Chinese authorities have barred two Manus executives from leaving the country while investigating whether Meta's reported $2 billion acquisition of the Singapore-based AI startup violated foreign investment reporting rules. "Manus was founded in China but last year relocated its headquarters and core team to Singapore," notes the Financial Times. "Meta acquired it for $2 billion at the end of last year." The Financial Times reports: Manus's chief executive Xiao Hong and chief scientist Ji Yichao were summoned to a meeting in Beijing with the National Development and Reform Commission this month, according to three people with knowledge of the matter.

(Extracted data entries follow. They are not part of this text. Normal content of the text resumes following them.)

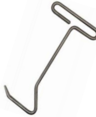
RACK LIFTING TOOL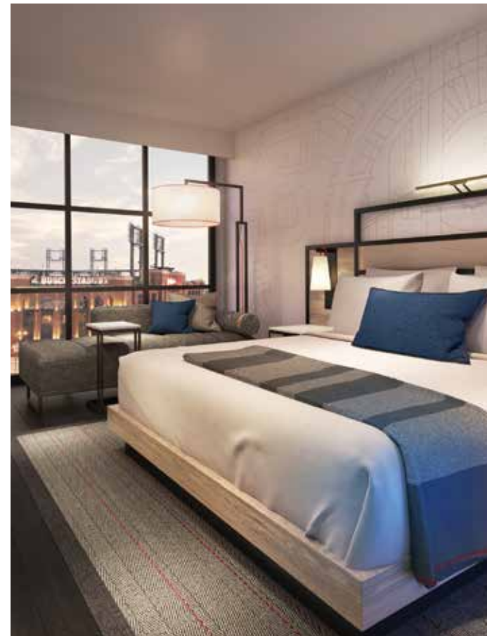
Clockwise from top: Ballpark Village, guest room, lobby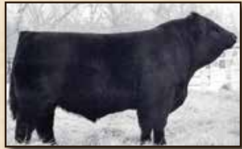
Sire: Wheatland Terminator 202Z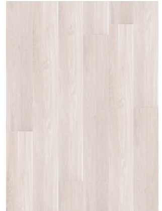
frost ivory pores oil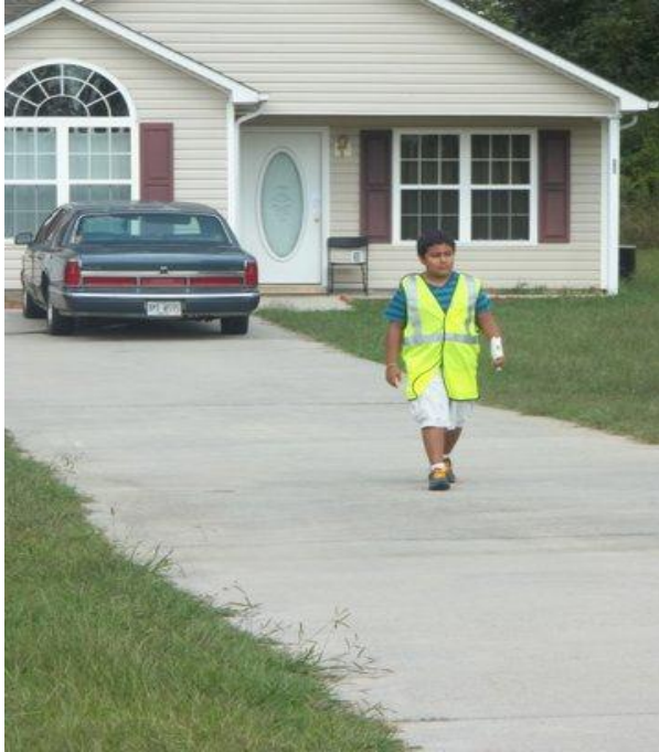
A volunteer placing a handbill at a local residence.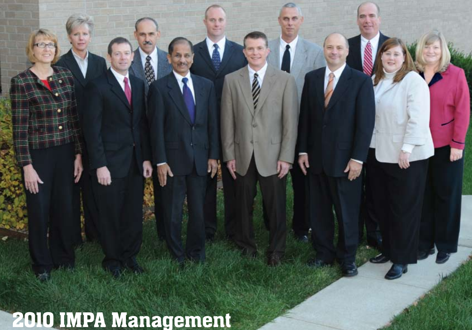
2010 IMPA Management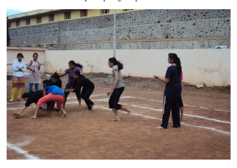
Students playing Kabaddi

They said Xiao and Ji were questioned on potential violations of foreign direct investment rules related to its onshore Chinese entities. After the meeting, the Singapore-based executives were told they were not allowed to leave China because of a regulatory review, while they remain free to travel within the country, two of the people said. No formal investigation has been opened and no charges have been brought. Manus is actively seeking law firms and consultancies to help resolve the matter, said a person with knowledge of the move.